In the figure below (not drawn to scale), rectangle ABCD is inscribed in the circle with centre at O. The length of side AB is greater than that of side BC.

The ratio of the area of the circle to the area of the recrangle ABCD is π : $\sqrt{3}$ .

The line segment DE intersects AB at E such that ∠ODC = ∠ADE. What is the ratio AE : AD?

Explanation:

Let r be the radius of the circle and let a and b be the length and breadth of the rectangle ABCD respectively.
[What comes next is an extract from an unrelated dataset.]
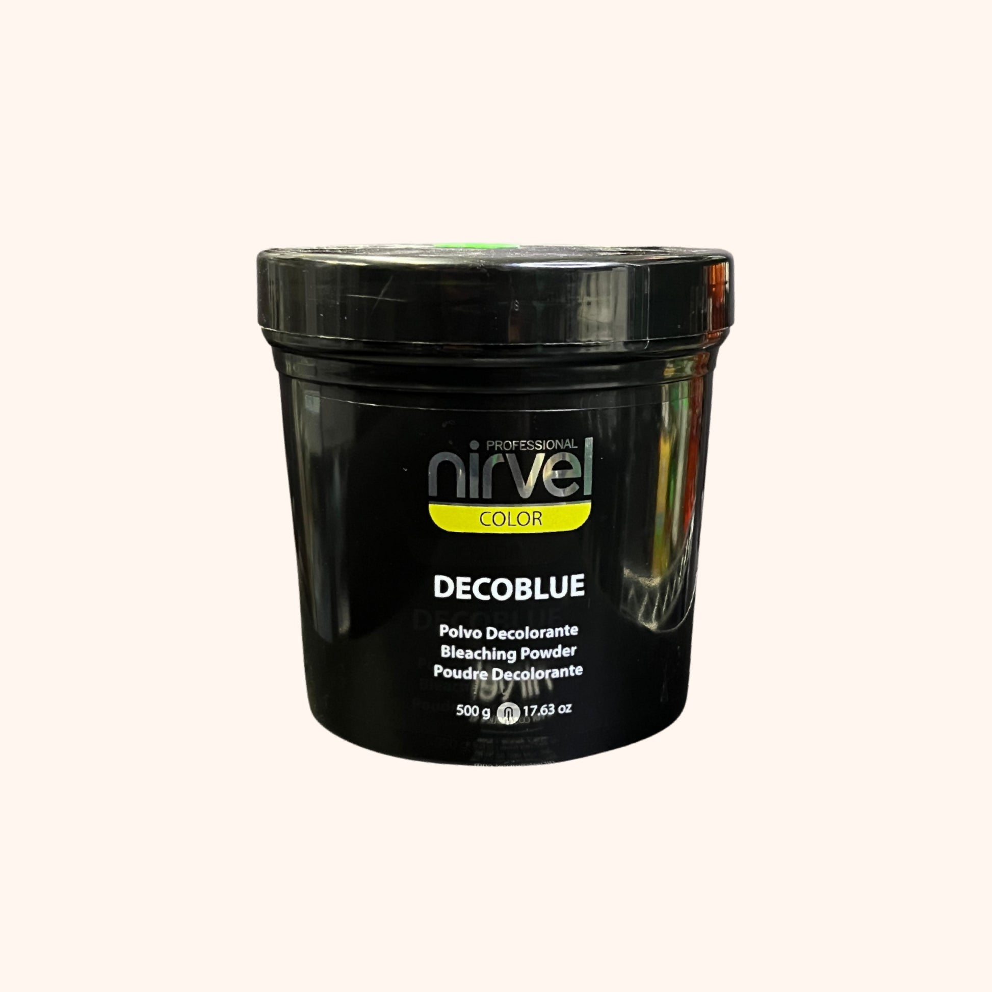 Polvo de decolorante Decoblue de Nirvel permite obtener mechas, reflejos y decoloraciones completa actuando delicadamente sobre los pigmentos del cabello matiz los colores amarillento obteniendo un blanco más óptico su nueva fórmula evita que se difunda el polvo en el aire. Perfumada sensiblemente para una aspiración óptima.

$\frac{π r^{2}}{a b} = \frac{π}{\sqrt{3}}$

$\sqrt{3} r^{2} = a b$ ...(i)

In ΔDBC,

$\tan θ = \frac{B C}{D C} = \frac{b}{a}$ ...(ii)

In ΔDAE,

$\tan θ = \frac{A E}{A D} = \frac{A E}{b}$ ...(iii)

From (ii) and (iii),

$\frac{A E}{A D} = \frac{b}{a}$

In ΔDBC,

$\begin{aligned} 4 r^{2} = a^{2} + b^{2} \\ 4 r^{2} = a^{2} + \frac{3 r^{4}}{a^{2}} \\ a^{4} - 4 r^{2} a^{2} + 3 r^{4} = 0 \\ a^{4} - 3 r^{2} a^{2} - r^{2} a^{2} + 3 r^{4} = 0 \\ a^{2} (a^{2} - 3 r^{2}) - r^{2} (a^{2} - 3 r^{2}) = 0 \\ a^{2} = r^{2} and a^{2} = 3 r^{2} \\ ∴ a = r and a = \sqrt{3} r \end{aligned}$

When a = ±r, then b = ± $\sqrt{3}$ r; when a = ± $\sqrt{3} r,$ then b = ±r

∴ The required ratio is either 1 : $\sqrt{3}$ or $\sqrt{3}$ : 1.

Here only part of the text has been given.